Lo studio di Gianfranco Baruchello è pervaso di quadri, disegni, carte, cartelle, libri e soprattutto oggetti, tutti pertinenti al suo lavoro di artista che definirò «enciclopedico». Il suo nomadismo, estensivo e intensivo, è come la sua conversazione: un’esperienza di «semiosi illimitata», come trovarsi in uno dei suoi grandi spazi costellati di «geroglifici», segni, «punti cosmogonici», «accidenti in un perimetro», punti di riferimento e di crisi insieme precisi e ambigui, rigorosi e (quasi) indecifrabili, dove perdersi e trovarsi sono alla fine sinonimi. Il fatto che tutto c’entri con tutto, in una concatenazione virtualmente infinita, è la posizione filosofico-estetica comune: l’unica cosa che “non c’entra”, mi dice Baruchello, l’unica frase e domanda da bandire, è proprio: ‘Cosa c’entra questo con quello?’ Il rigore di Baruchello è nel disegno; il mio, dice lui, è nelle parole, e nell’uso della mia fragilità, o apertura. Provo con lui la stessa sensazione che ebbi nello studio di Bruno Munari: non esistono materiali sterili, si può adoperare tutto, anche l’assenza. Ma l’opera di Baruchello è, in più, venata di una consapevolezza politica (come la ricorrenza del concetto di valore d’uso di Marx), e la sua poetica mi coinvolge strettamente: amiamo entrambi gli archivi, gli elenchi, gli oggetti trovati e smarriti, la filosofia, perfino l'I Ching. La sua «creatività di confine» conforta il mio essere borderline nello scrivere. «Vuol dire non essere negli elenchi, essere fuori dai canoni», mi dice. Più metodico di me, ha segnato sull’ultima pagina bianca di un paio di miei libri (Oggetti smarriti e altre apparizioni, e H.P....), con la sua calligrafia minuta («baruglifica», direbbe Paolo Fabbri) una mappa di parole-citazioni che lo hanno interessato, col numero di pagina. Alla sua unica vera domanda a me – come io gestisca il problema della metafisica, quale sia il mio «meccanismo del pensiero», detto con le parole di De Chirico sulla pittura, appunto, «metafisica» – rispondo gestendo questo dialogo.

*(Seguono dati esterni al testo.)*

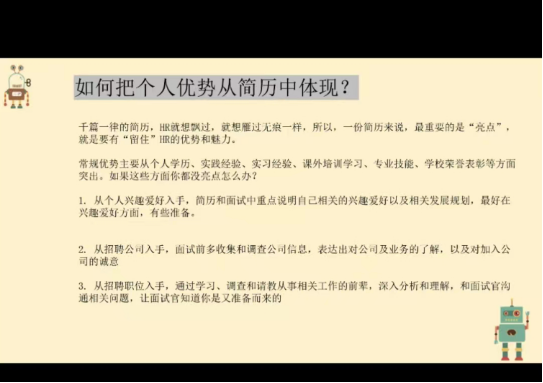 韩超超老师向大家讲授了招聘面试中的技巧。韩老师主要从:面试前的准备、面试时的问题应对、可能会问到的问题这三个方面向同学们作了详细地指导。接着罗贤忠老师向同学们讲授了如何制作个人简历、投递简历。在会议中罗老师还挑选了一些简历的案例,分析它们的优缺点,使同学们能够更加清楚地学习到如何把个人优势从简历中体现出来。两位老师在人力资源方面都有着丰富的经验,此次会议中他们从如何制作个人简历、如何把个人优势从简历中体现、如何投递简历、招聘方想看到什么、面试技巧辅导以及求职岗位方向指导六个方面为同学们进行授课,使大家受益匪浅。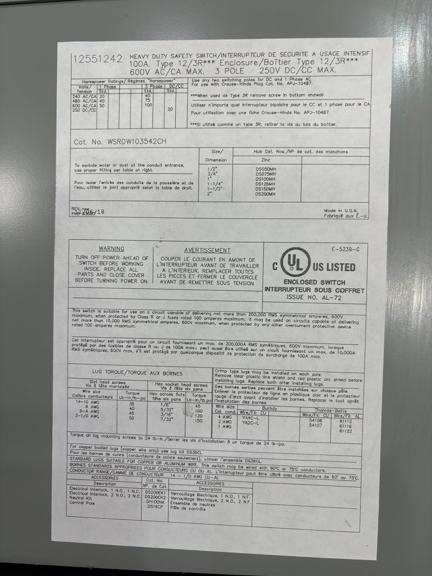 WSRDW103542CH 100AMP EATON CROUSE HINDES FUSIBLE SWITCH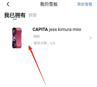 4、添加好之后,你就可以用软件记录这块雪板的各种数据
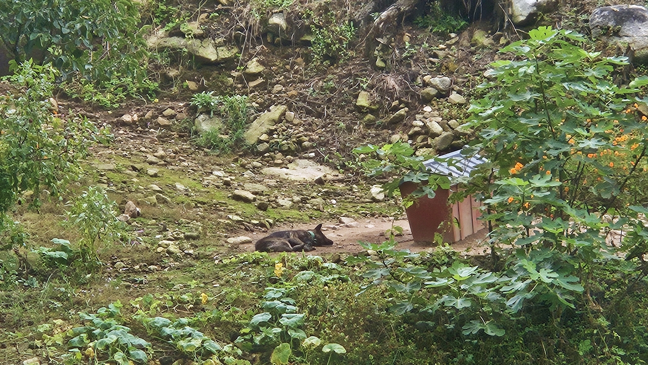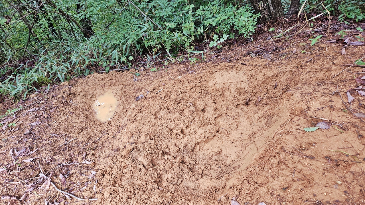먹을 게 없는지 두랭이골에 사는 멧돼지가 묘역 주변을 피훼졌다.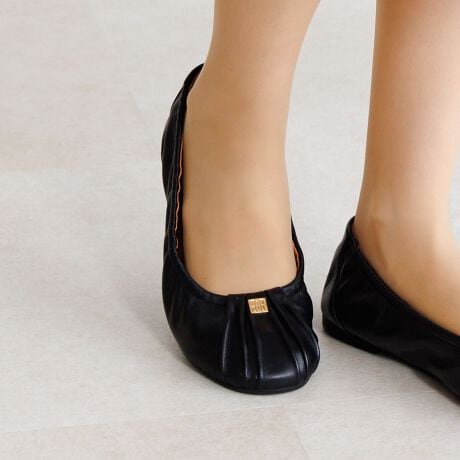 馴染みの良いシープレザーを使用した、柔らかな履き心地のフラットパンプス。足を包み込むようなギャザーデザインが特徴で、吸い付くようなフィット感を実現。

Guardiamo sul computer una serie di immagini di suoi lavori, e scorrono a salti un’opera e una vita intensissime: Baruchello ha fatto tutto, e prima degli altri. Dalla Coscienza del presente (awareness), esposto la prima volta alla mostra che lanciò la Pop Art (la mostra New Realists, da Sydney Janis, a New York, nel 1962), poi la stele con i libri incollati e sepolti nel bianco, Partout le silence sous le mouvement (nello stesso anno), esposta a Parigi con i collage in una mostra (Collage et objets) in cui c’erano tutti, da Picasso a Man Ray, a Max Ernst e a Rauschenberg; al grande quadro sul Capitale di Marx e gli altri di corredo (accumulatori di energia, con riferimenti a Duchamp), ai numerosi libri, al film ormai storico con Alberto Grifi (Verifica incerta, nel 1964) e quelli – una settantina – da solo. Fino al lavoro agricolo-ecologico a Santa Cornelia, nella campagna intorno alla sua casa oggi non più casa ma Fondazione. Sullo schermo appare un’immagine in bianco e nero di quella terra arata:
Ecco, qui l’opera è il confronto fra l’agricoltura e l’arte, tra valore di scambio e valore d’uso del prodotto agricolo e quelli del prodotto artistico. Il contadino vende la sua cosa, però la mangia anche lui, l’artista vende la cosa e non la mangia, anzi non può proprio vivere se non fa l’arte: ecco le differenze di valore. Su questo concetto ho lavorato e fatto libri, come Agricola Cornelia s.p.a. e poi Io sono un albero. Questo, invece (guardiamo l’immagine di un filone di pane in una cassa piena di terra) è una parte di Nascita e morte del pane, azione in cui il pane nasceva dalla terra, poi veniva martoriato, legato, incatenato, imbottito di giornali, tagliato a metà, e a un certo momento moriva, scompariva nella terra.
L’hai seppellito?
Sì, alla fine scompare nella terra. In altre azioni ho lavorato sui miti agresti, dal sacrificio del maiale dentro i solchi di Demetra al contagio di malattie veneree attraverso il fallo agreste. Questa (sullo schermo appare una pannocchia) è De senectute, pannocchie riscoperte in un cassetto dopo vent’anni, metà tarlate, che ho poi piantate nella terra: pannocchie vecchie che hanno generato nuove pannocchie. La vecchiaia rispetta il seme, mentre colpisce tutto il resto. Il mio primo film, Il grado zero del paesaggio, è del 1963; pochi giorni fa ho fatto un video per una mostra a Bruxelles che si chiama Le lieu: alla Fondazione, ho ripreso con la telecamera l’aratura di un pezzo di terra zoommando l’interno dei solchi, per fare un discorso sulla zolla…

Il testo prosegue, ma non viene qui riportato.